6. Luka di irigasi dengan cairan NaCl steril atau air matang 5-10liter. Luka derajat 3
harus disemprot hingga bebas dari kontaminasi (jet lavage).
7. Tindakan disinfeksi dan pemasangan duk (draping).
8. Eksisi luka lapis demi lapis. Eksisi kulit, subkutis, fasia, otot. Otot-otot yang tidak
vital dieksisi.tulang-tulang kecil yang tidak melekat pada periosteum dibuang.
Fragmen tulang besar yang perlu untuk stabilitas dipertahankan.
9. Bila letak luka tidak menguntungkan maka untuk reposisi terbuka dibuat insisi baru
yang biasa dipergunakan, misalnya fraktur femur dengan fragmen distal menembus
dekat lipat paha, untuk reposisi terbuka dipakai approach posterolateral biasa.
10. Luka fraktur terbuka selalu dibiarkan terbuka dan bila erlu ditutup setelah satu
minggu setelah edema menghilang.
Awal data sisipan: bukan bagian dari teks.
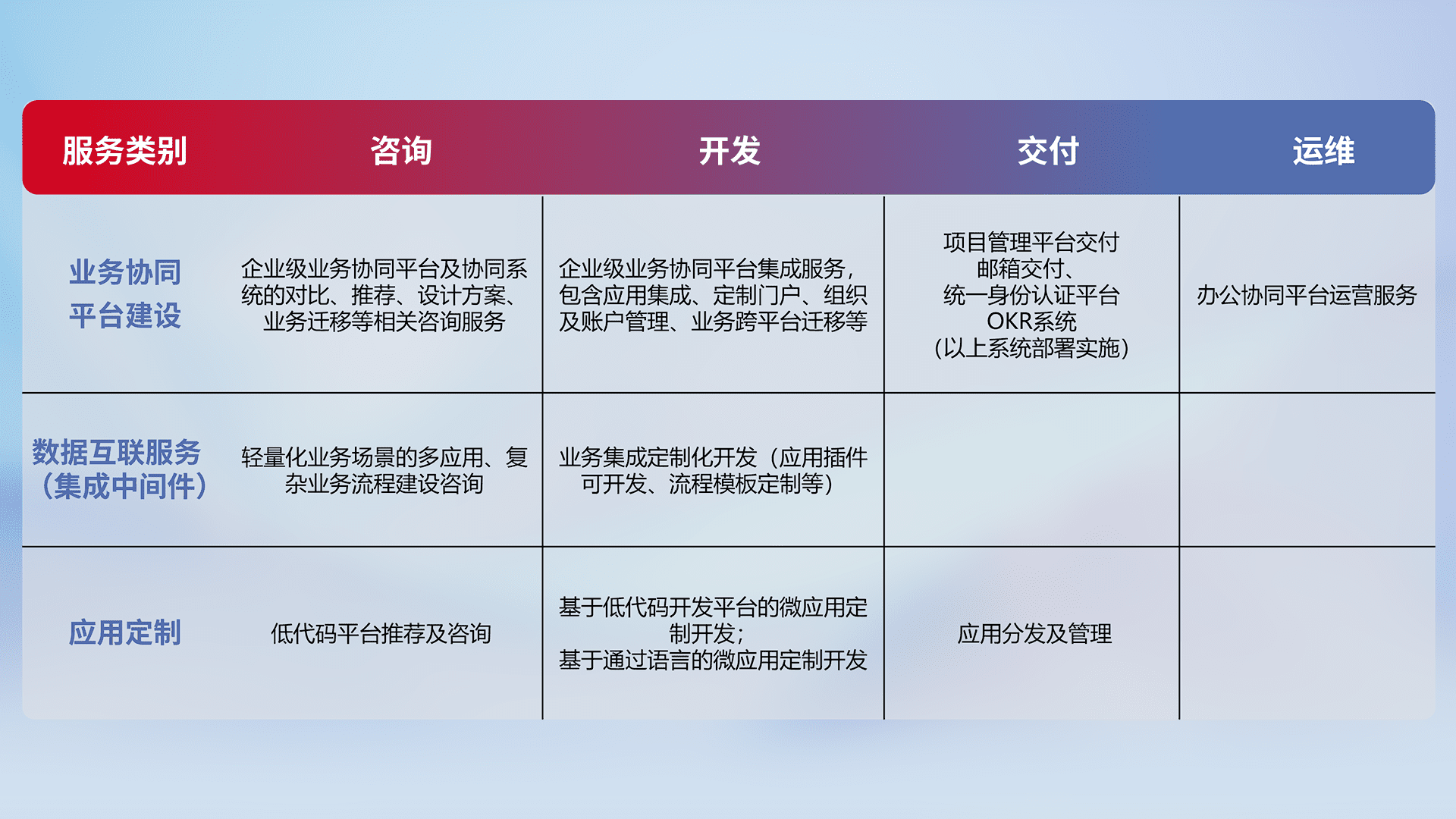 针对钉钉、、企微、、、、IDaas等平台级产品提供产品的规划、、、方案、、交付、、、定制化开发等服务,,实现如统一协同办公、、智能客户服务、、混合会议管理、、智能数据查询、、、等业务场景,,,实现数字化转型。。

Luka untuk reposisi terbuka dijahit primer.
11. Fiksasi yang baik adalah fiksasi eksterna. Bagi yang sudah berpengalaman dan di
rumah sakit dengan perlengkapan yang baik, penggunaan fiksasi interna dapat
dibenarkan. Bila fasilitas tidak memadai, gips sirkuler dengan jendela atau traksi
dapat digunakan dan kemudian dapat direncanakan untuk fiksasi interna setelah luka
sembuh (delayed internal fixation). Pemakaian antibiotika diteruskan untuk tiga hari
dan bila diperlukan debridement harus diulang.